As though it really does contain magic, the book gives me a boost of strength, and I vow to go back down to the ballroom right now and tell Tom – and Alice – how I really feel.
‘Thank you.’ I catch up with Alice, breathless, my hand reaching out to touch her arm as she’s about to open the door to the ballroom. ‘For this.’ I hold out the fairy-tales book. I can’t seem to put it down. It has become as enchanting to me as it was to the six-year-old who believed in happily ever afters.
‘You’re welcome, honey.’ Alice hugs me, long and soothingly, before she ruins the effect by saying, ‘Archie will make you happy, if only you’ll let him.’
‘No, Alice.’ I want to scream with frustration. ‘You don’t know what he’s really like. He can be really quite scathing and yesterday…’
Alice gives me a pitying look as she places her hand on my arm, interrupting me. ‘I need to get back inside. Bridesmaid duties. Sorry.’ She pushes open the door and steps into the ballroom and I figure I may as well follow her. Tom and Kevin are still at the table by the bar, so I head over and plonk myself down in the chair with a sigh.
‘I take it I should have left that at home?’ Kevin indicates the fairy-tales book, which I’m still carrying.
‘Oh, no. Thank you for bringing it.’ I lay it gently on the table and start to trace the silver lettering on the cover. ‘It’s made everything seem a little bit clearer.’
I can’t say the hurt and confusion of my childhood has been erased – I’m not sure I’ll ever feel content when I look back – but it’s like the wall around my heart has started to shift and crumble, just a little bit. I have irrefutable proof now that I mattered to Mum, that she loved me when she could, before the drugs took hold and clouded everything.
‘What is it?’ Tom asks, and I nudge the book towards him, slowly, my eyes fixed firmly on the table as my cheeks start to bloom pink. I know it’s silly and childish to hold the book so dear, but it’s important to me, more so now than before.
‘Your mum gave this to you?’ Tom has opened the book and is reading the inscription. ‘Wow, this must mean a lot to you.’
I nod as my
cheeks heat up even more, turning almost the exact shade of the fairy-tales book.
He gets it. He gets you.
‘I’ll, er, just go and get another round.’ Kevin thrusts a thumb at the bar before scraping back his chair and dashing away.
‘Would you like to dance?’ Tom asks, and I’m about to decline, my mouth on autopilot, when I remember Alice’s words. I can find my happily ever after if I allow it happen.
‘I’d love to.’
Leaving the book on the table, I take Tom’s hand and allow him to lead me to the dance floor, which is already full of couples dancing to the wedding band’s music. It’s a slow number currently, and I’m stiff in Tom’s arms to begin with, but I soon start to relax. It feels a little odd, but I’m sure I could get used to it.
‘Mind if I cut in?’
I hadn’t realised I’d closed my eyes as we swayed to the music, but they snap open when I hear Archie’s voice. He’s standing beside us, so-called charming smile in place, hand already reaching for mine, so sure is he of himself that I’ll accept. That Tom will hand me over.
‘Actually, I mind. I mind very much.’ I start to guide Tom away, but Archie doesn’t give up that easily.

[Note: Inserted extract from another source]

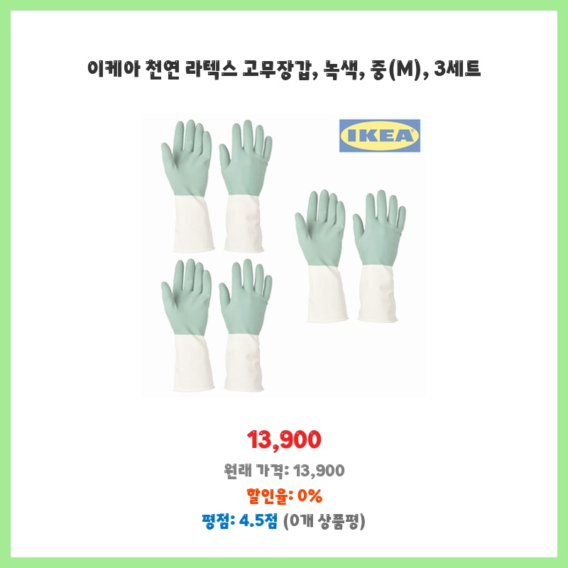 이케아 천연 라텍스 고무장갑, 녹색, 중(M), 3세트

‘I beg your pardon?’ The smile is still in place, but I can see it’s strained. I don’t think Archie is used to being told no, but I’m not afraid. I’ve had enough practice at knocking guys back over the years.
‘I don’t want to dance with you, Archie. I never wanted to dance with you, or have dinner with you, or go for romantic walks in meadows. And if you’re truthful, you’ll admit you didn’t want any of those things either.’

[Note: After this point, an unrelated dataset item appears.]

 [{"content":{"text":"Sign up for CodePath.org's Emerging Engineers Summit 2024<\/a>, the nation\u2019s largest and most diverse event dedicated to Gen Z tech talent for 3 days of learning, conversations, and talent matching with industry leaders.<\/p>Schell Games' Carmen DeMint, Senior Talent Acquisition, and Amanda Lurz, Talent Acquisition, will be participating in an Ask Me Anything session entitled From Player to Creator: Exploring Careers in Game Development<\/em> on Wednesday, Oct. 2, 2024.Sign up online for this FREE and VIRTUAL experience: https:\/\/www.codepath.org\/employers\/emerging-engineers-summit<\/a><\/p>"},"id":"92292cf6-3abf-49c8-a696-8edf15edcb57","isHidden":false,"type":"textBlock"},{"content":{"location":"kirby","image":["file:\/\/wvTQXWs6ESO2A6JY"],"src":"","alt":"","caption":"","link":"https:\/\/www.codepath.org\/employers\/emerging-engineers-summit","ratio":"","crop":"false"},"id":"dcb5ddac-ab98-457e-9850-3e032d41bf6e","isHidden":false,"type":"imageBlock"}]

Archie adopts a wounded look, a hand on his chest for added effect. For ever the actor. ‘What do you mean?’ His eyes slide to the side and, when I follow his line of sight, I see Alice heading towards us. He takes a deep, theatrical breath before lifting his chin. ‘Ah. I see. I get it.’ He shakes his head and claps Tom on the back. ‘But no hard feelings, eh?’
‘Bad feelings?’ A frown starts to form on Tom’s face. ‘Why would there be hard feelings?’